### [What you need to do]
Return only the lines of the data below from the line with "東風(fēng)145灑水車結(jié)構(gòu)簡圖" up to and including the line with "寬條紋,前后V領,下擺系帶,蝙蝠袖,單排扣寬松雪紡襯衫", exactly as written, with the pictures omitted.

Start of Extracted data

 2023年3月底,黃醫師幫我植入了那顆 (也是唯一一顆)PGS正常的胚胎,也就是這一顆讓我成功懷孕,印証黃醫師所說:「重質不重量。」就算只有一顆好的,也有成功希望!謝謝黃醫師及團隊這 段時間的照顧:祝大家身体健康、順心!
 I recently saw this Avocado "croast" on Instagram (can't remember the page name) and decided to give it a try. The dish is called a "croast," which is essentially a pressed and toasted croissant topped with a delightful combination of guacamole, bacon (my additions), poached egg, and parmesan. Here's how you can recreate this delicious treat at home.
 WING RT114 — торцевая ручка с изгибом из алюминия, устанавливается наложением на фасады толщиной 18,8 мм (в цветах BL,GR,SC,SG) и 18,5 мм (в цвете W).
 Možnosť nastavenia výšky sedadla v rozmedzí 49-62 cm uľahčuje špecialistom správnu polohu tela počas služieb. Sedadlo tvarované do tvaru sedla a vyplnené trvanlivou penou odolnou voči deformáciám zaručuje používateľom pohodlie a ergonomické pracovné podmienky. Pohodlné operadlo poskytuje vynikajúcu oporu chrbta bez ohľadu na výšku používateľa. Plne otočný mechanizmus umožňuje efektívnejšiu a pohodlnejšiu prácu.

End of Extracted data
Start of Extracted data

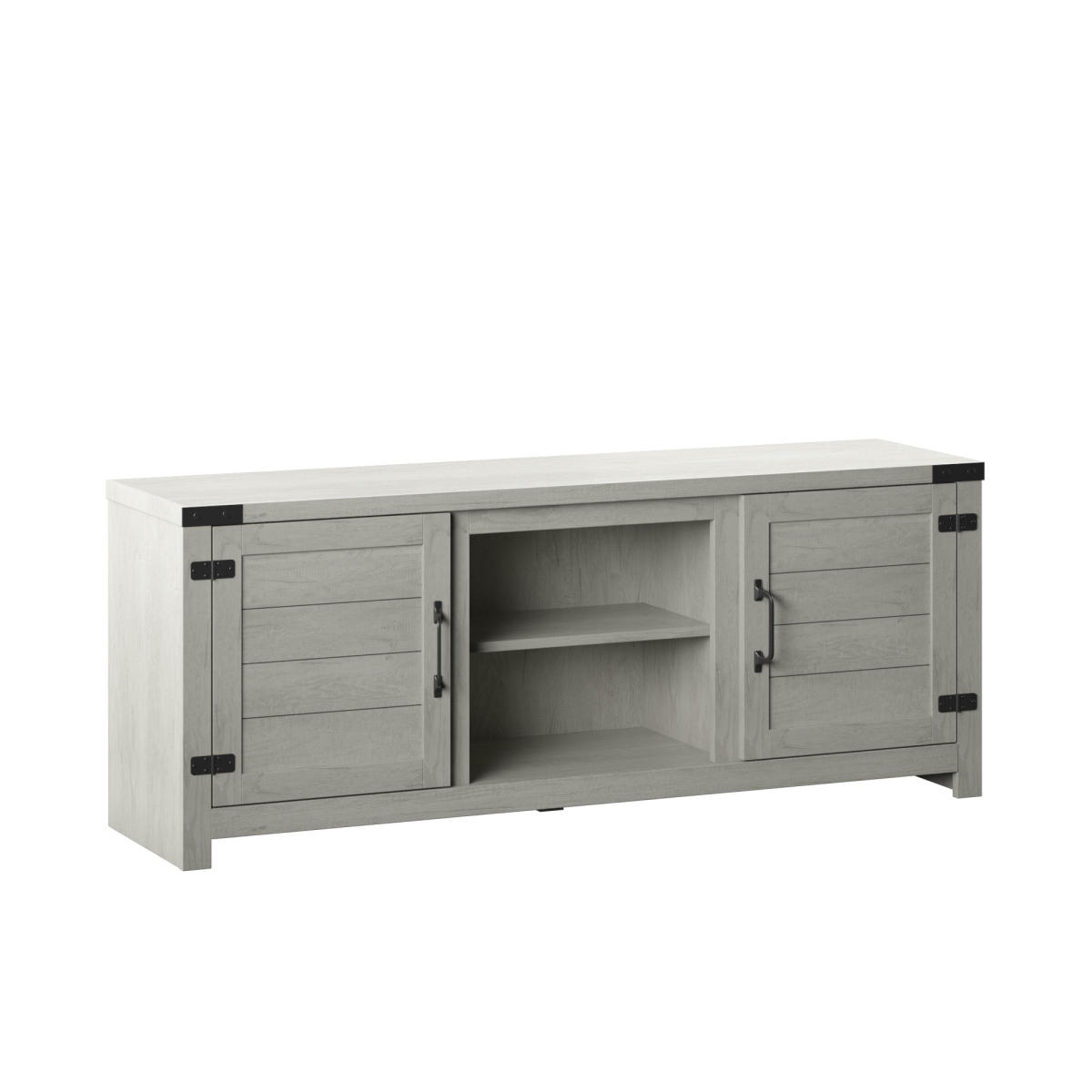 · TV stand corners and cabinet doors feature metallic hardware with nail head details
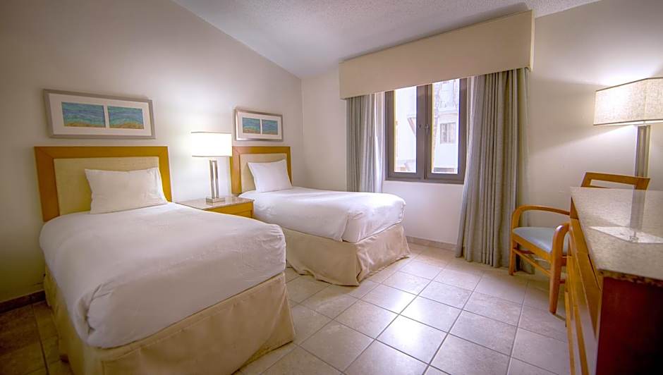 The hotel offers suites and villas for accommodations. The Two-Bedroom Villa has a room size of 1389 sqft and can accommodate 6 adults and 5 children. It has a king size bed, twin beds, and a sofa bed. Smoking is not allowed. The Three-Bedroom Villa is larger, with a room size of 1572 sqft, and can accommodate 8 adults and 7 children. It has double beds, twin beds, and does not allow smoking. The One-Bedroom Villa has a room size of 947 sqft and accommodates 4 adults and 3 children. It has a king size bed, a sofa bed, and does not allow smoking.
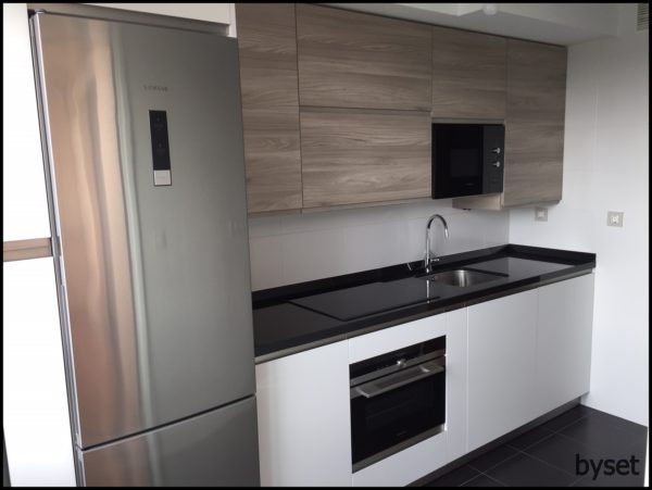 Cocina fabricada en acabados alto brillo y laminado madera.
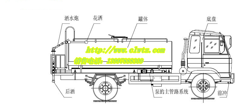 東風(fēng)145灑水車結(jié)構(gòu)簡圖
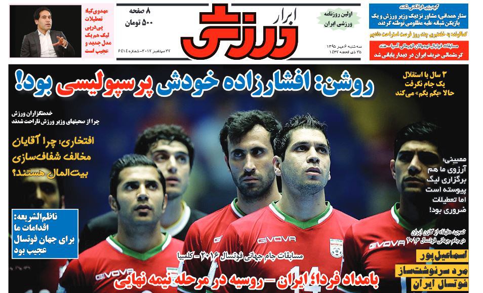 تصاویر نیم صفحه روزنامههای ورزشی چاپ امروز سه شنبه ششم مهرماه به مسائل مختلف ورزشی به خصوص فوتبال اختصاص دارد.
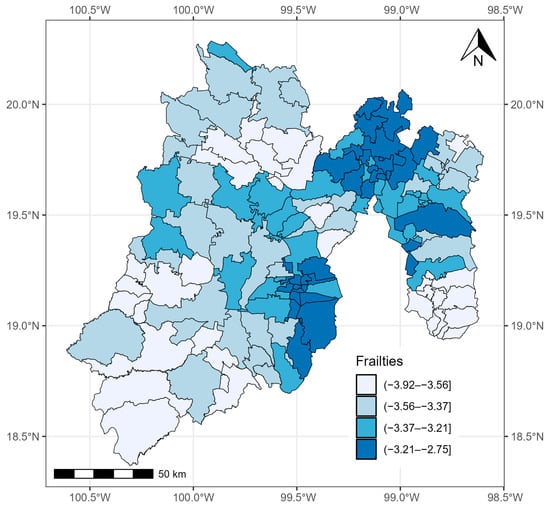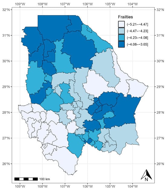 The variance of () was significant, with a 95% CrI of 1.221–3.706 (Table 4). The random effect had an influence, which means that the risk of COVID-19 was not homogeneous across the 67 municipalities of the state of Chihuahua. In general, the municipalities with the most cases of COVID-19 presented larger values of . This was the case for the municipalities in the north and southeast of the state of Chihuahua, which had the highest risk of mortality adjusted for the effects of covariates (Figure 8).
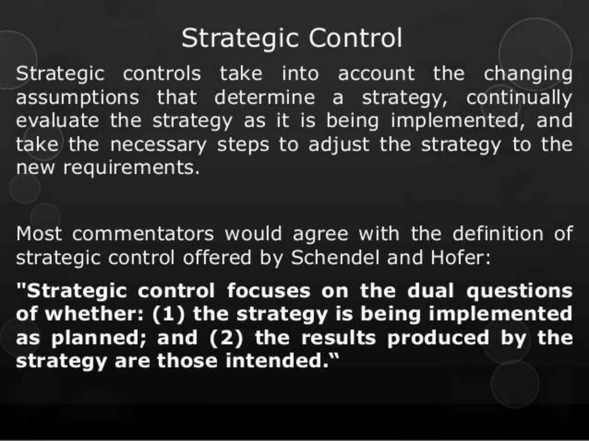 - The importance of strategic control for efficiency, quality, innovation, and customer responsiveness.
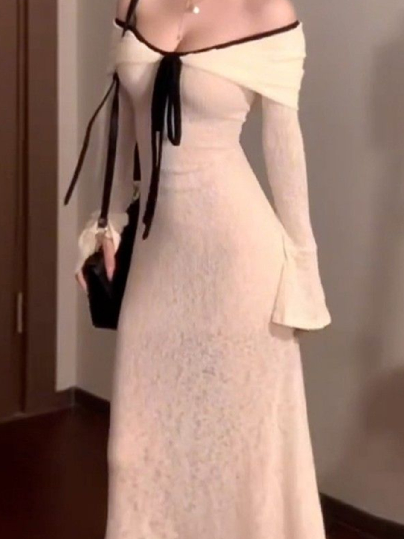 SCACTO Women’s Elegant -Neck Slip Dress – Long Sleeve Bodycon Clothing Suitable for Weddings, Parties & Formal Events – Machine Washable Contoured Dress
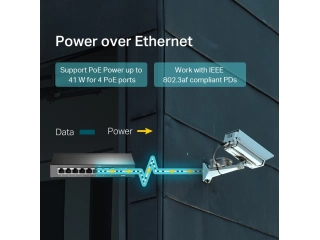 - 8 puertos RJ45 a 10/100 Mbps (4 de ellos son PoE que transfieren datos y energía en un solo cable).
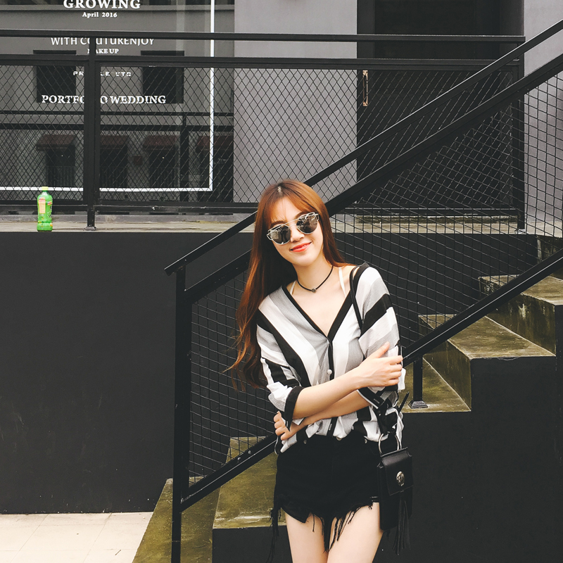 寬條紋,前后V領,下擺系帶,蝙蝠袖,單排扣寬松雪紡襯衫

End of Extracted data
Start of Extracted data

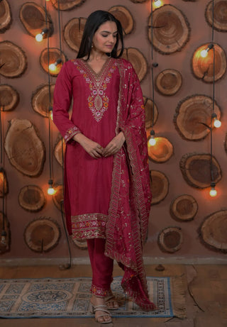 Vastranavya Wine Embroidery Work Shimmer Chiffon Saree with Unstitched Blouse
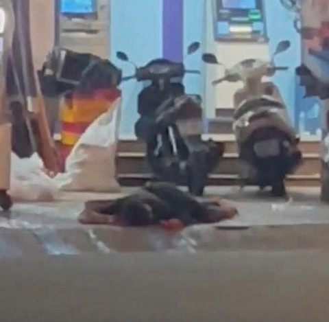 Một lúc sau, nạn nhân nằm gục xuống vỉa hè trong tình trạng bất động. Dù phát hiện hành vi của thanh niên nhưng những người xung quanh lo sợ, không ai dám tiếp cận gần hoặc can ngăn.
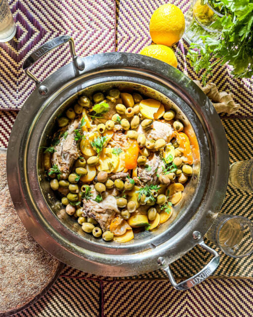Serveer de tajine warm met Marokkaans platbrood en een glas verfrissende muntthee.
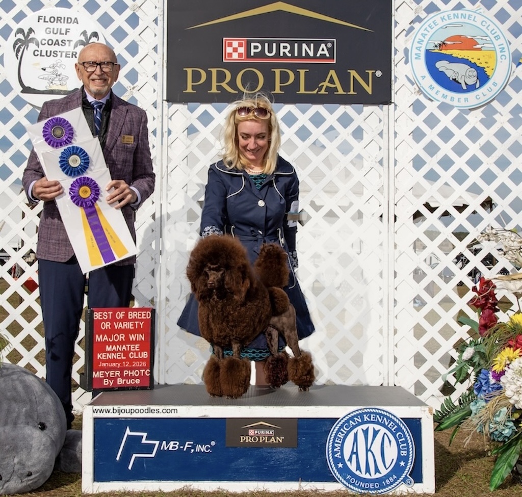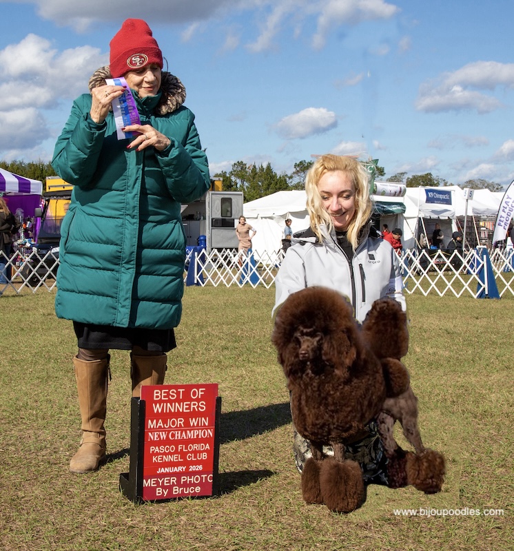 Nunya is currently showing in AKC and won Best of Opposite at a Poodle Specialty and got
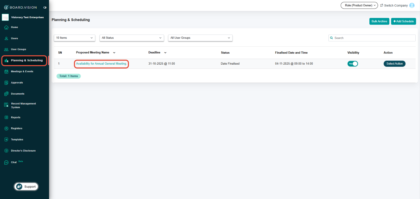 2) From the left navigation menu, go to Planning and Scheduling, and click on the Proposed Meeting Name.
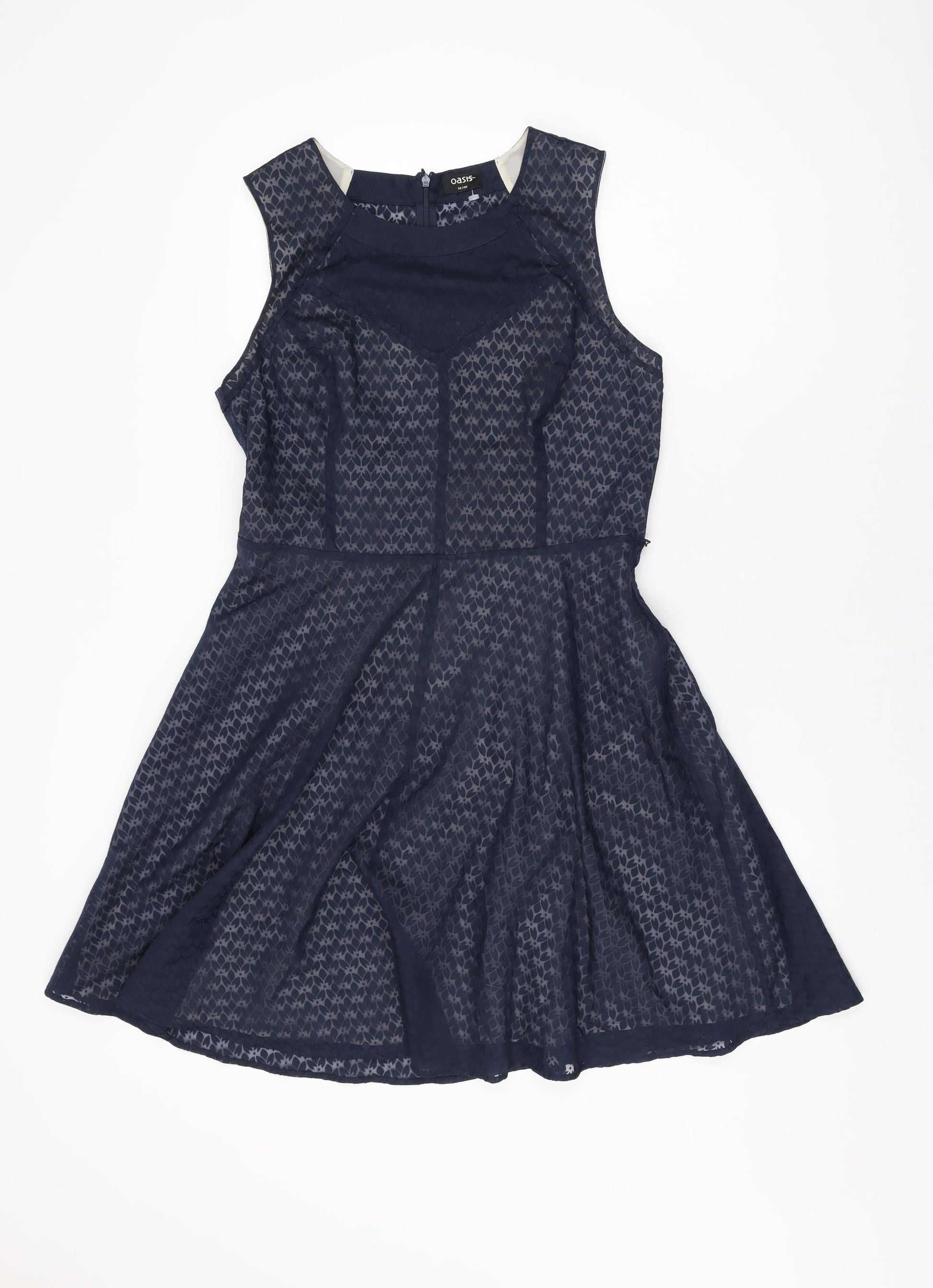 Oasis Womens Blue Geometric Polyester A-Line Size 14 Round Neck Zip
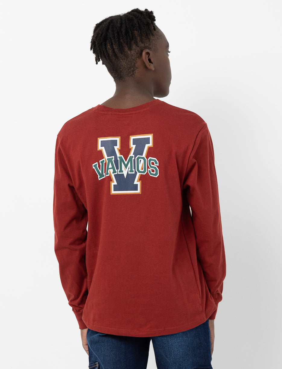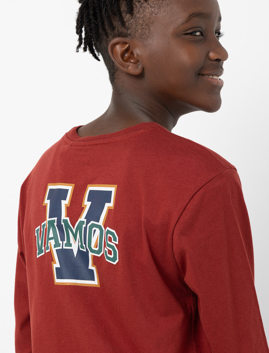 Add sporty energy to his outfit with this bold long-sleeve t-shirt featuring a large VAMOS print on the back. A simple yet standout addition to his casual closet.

End of Extracted data

### [Response]
 東風(fēng)145灑水車結(jié)構(gòu)簡圖
 تصاویر نیم صفحه روزنامههای ورزشی چاپ امروز سه شنبه ششم مهرماه به مسائل مختلف ورزشی به خصوص فوتبال اختصاص دارد.
 The variance of () was significant, with a 95% CrI of 1.221–3.706 (Table 4). The random effect had an influence, which means that the risk of COVID-19 was not homogeneous across the 67 municipalities of the state of Chihuahua. In general, the municipalities with the most cases of COVID-19 presented larger values of . This was the case for the municipalities in the north and southeast of the state of Chihuahua, which had the highest risk of mortality adjusted for the effects of covariates (Figure 8).
 - The importance of strategic control for efficiency, quality, innovation, and customer responsiveness.
 SCACTO Women’s Elegant -Neck Slip Dress – Long Sleeve Bodycon Clothing Suitable for Weddings, Parties & Formal Events – Machine Washable Contoured Dress
 - 8 puertos RJ45 a 10/100 Mbps (4 de ellos son PoE que transfieren datos y energía en un solo cable).
 寬條紋,前后V領,下擺系帶,蝙蝠袖,單排扣寬松雪紡襯衫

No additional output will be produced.